CVE-2023-49823: 
WordPress vulnerability analysis and mitigation

A Stored Cross-Site Scripting (XSS) vulnerability was discovered in BoldThemes Bold Page Builder WordPress plugin, tracked as CVE-2023-49823. The vulnerability affects versions up to and including 4.6.1 of the plugin. The issue was initially reported by Ngô Thiên An (ancorn_ from VNPT-VCI) on September 27, 2023, and was publicly disclosed on December 5, 2023 (Patchstack Database).

The vulnerability is classified as CWE-79: Improper Neutralization of Input During Web Page Generation ('Cross-site Scripting'). It received a CVSS v3.1 base score of 6.5 (Medium) with the vector string CVSS:3.1/AV:N/AC:L/PR:L/UI:R/S:C/C:L/I:L/A:L according to Patchstack's assessment, while the NVD assigned a slightly lower score of 5.4 (Medium) with the vector string CVSS:3.1/AV:N/AC:L/PR:L/UI:R/S:C/C:L/I:L/A:N (NVD).

The vulnerability could allow a malicious actor to inject malicious scripts, including redirects, advertisements, and other HTML payloads into the website. These injected scripts would be executed when visitors access the affected site.

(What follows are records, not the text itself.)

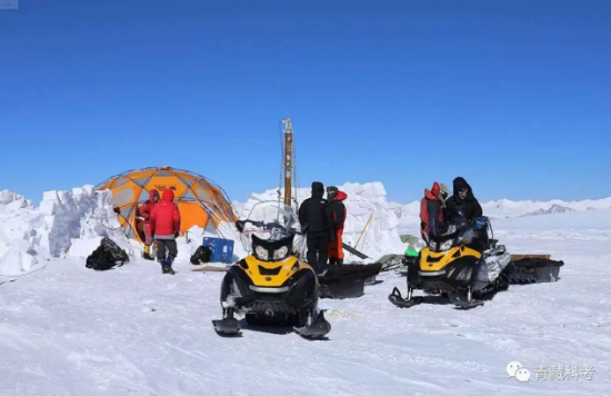 在海拔6700米的古里雅冰帽顶部钻取冰芯
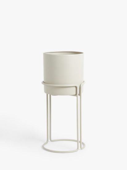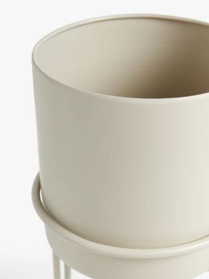 Handcrafted from iron with a powder-coated finish, this plant pot sits on tall legs, adding a sense of height to a space.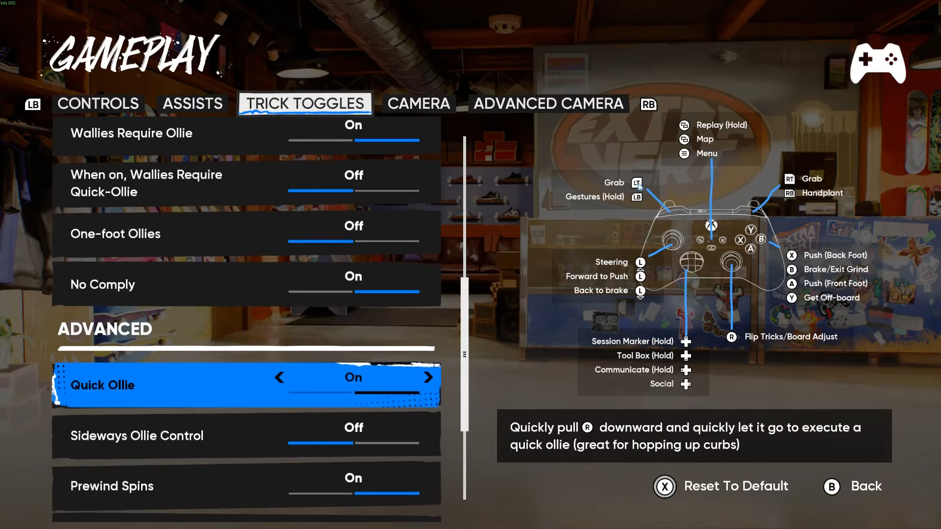 Before attempting the trick, open the start menu, go to Settings, then Gameplay, and navigate to Trick Toggles. Make sure "No Comply" and "Quick Ollie" options are enabled. Quick Ollie is performing an ollie with a stick flick down and release.

The attack requires user interaction and has the potential to compromise the confidentiality and integrity of the affected system (Patchstack Database).

The vulnerability has been fixed in version 4.7.0 of the Bold Page Builder plugin. Users are advised to update to version 4.7.0 or later to remediate the vulnerability. Patchstack users have the additional option to enable auto-updates for vulnerable plugins (Patchstack Database).